Vice Minister of the Ministry of State Farms
- In office 1979–1984

Personal details
- Born: March 1916 Wendeng, Shandong, China
- Died: July 9, 1996 (aged 80) Beijing, China
- Party: Chinese Communist Party

= Zhang Xiuzhu =

Chinese politician

Zhang Xiuzhu (张修竹; March 1916 – July 9, 1996) was a Chinese politician. He served as vice minister of the Ministry of State Farms, deputy director of the State Farms Administration, and member of the Secretariat of the All-China Federation of Trade Unions (ACFTU).

== Biography ==
Zhang was born in Wendeng, Shandong, in 1916. He joined the Chinese Communist Party (CCP) in July 1935 and soon became active in underground revolutionary work in Jiaodong. During the Second Sino-Japanese War, he served as county party secretary in Huang County, head of the fishermen's anti-Japanese work teams in Penglai, Huang County, and Yexian, and director of the workers' department of the Jiaodong North and South Sea regional committees.

In 1940 he went to Yan'an, studying at the Marxism–Leninism Institute, the Central Party School, and the central training classes for enemy-occupied areas. He was elected a delegate to the CCP's 7th National Congress in 1945 and became a member of the preparatory committee for the workers' congress in the liberated areas.

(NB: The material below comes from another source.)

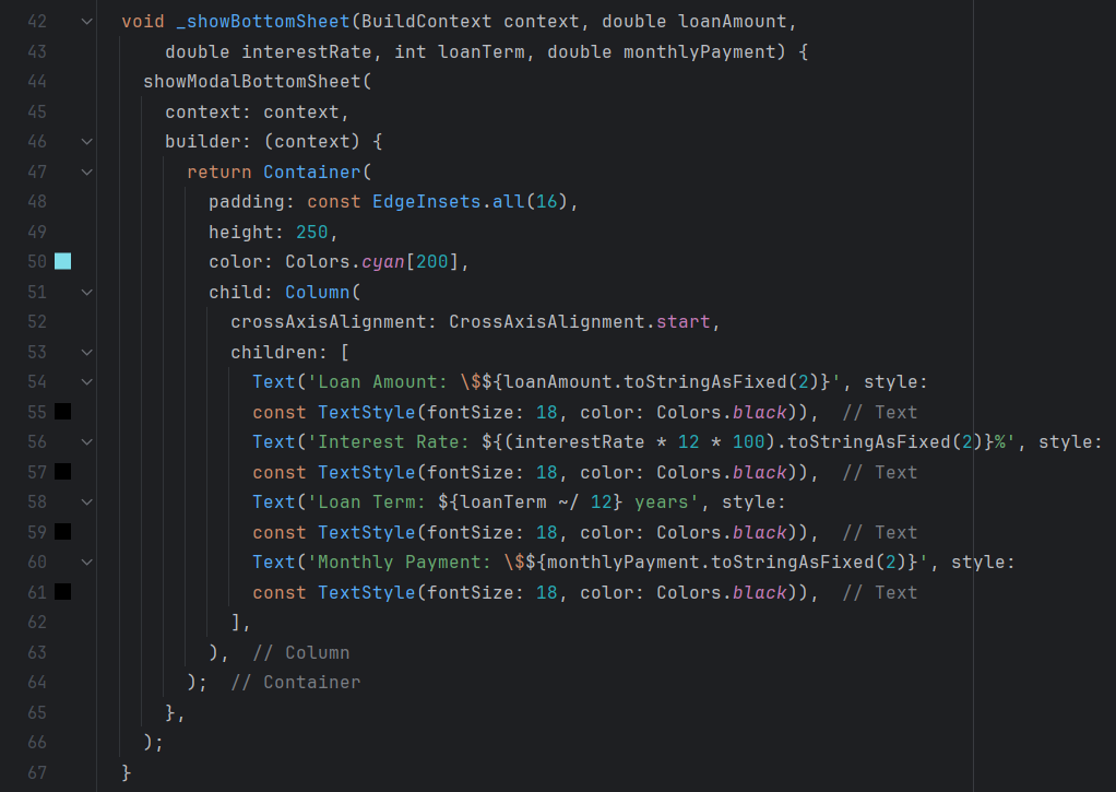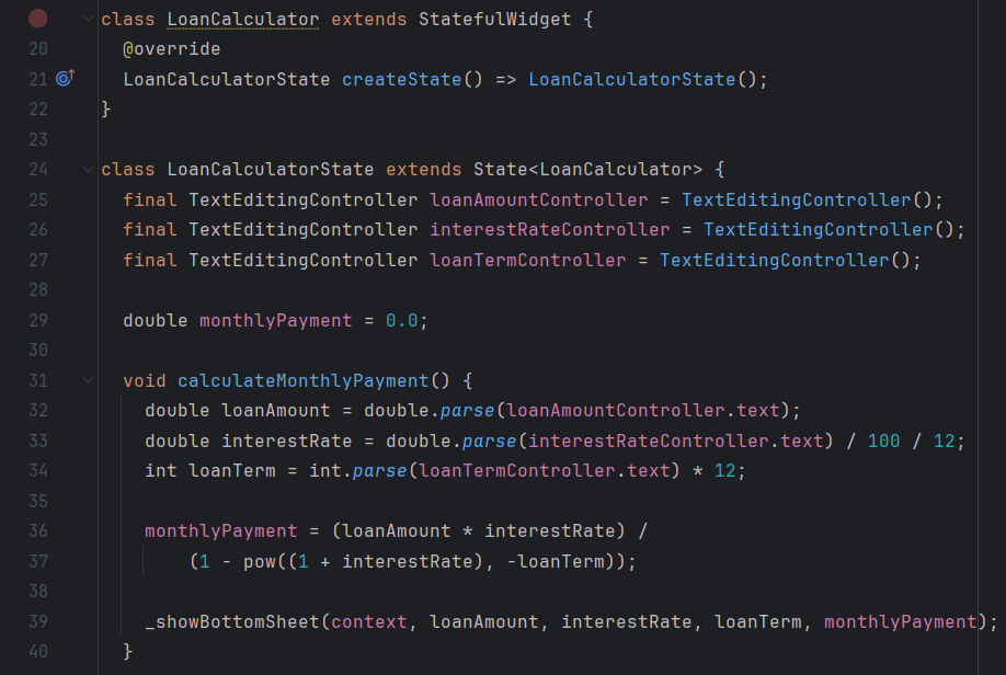 When the user presses the "Monthly Payment" button, the calculateMonthlyPayment function is called. This function takes the entered values, performs the calculations to determine the monthly payment using the classic loan formula, and then displays the results in a bottom sheet using the _showBottomSheet function.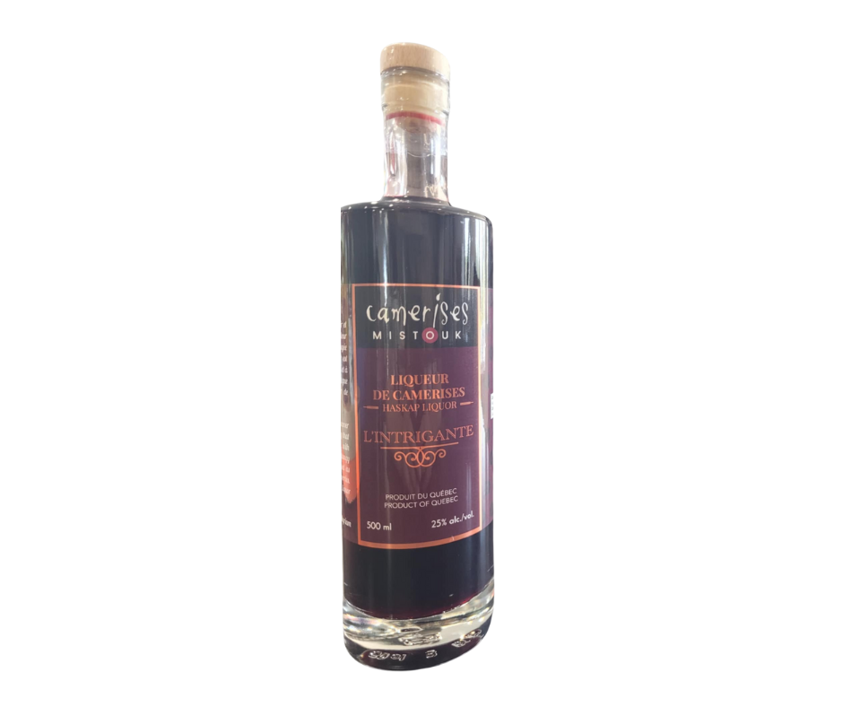 “The haskap berry is a fruit to discover and to dare. It's a small berry the color of blueberry, with a more elongated shape and a tangy flavor. Its taste is often associated with blueberries, blackcurrants and raspberries. That's why we call our haskap liqueur L'INTRIGANTE.”

After the war, Zhang worked in Northeast China. He held posts including organization section chief in the military industry department of the Northeast Bureau, political commissar of Factory No. 8, secretary of the Daowai District Committee in Harbin, and chairman of the Harbin Federation of Trade Unions. After 1949, he became head of the cultural and educational department of the ACFTU, later promoted to minister and secretary of the Secretariat.

In November 1962, Zhang was appointed deputy director of the State Council's Office of Agriculture and Forestry and concurrently director of its political department. After the Cultural Revolution, he served as deputy director of the State Farms Administration, and from 1979 vice minister of the Ministry of State Farms, as well as deputy party secretary and head of the discipline inspection group. He retired in 1984 and fully stepped down in 1995.

Zhang was a delegate to the CCP's 8th National Congress and a member of the 2nd to 7th National Committees of the Chinese People's Political Consultative Conference (CPPCC). He died in Beijing on July 9, 1996.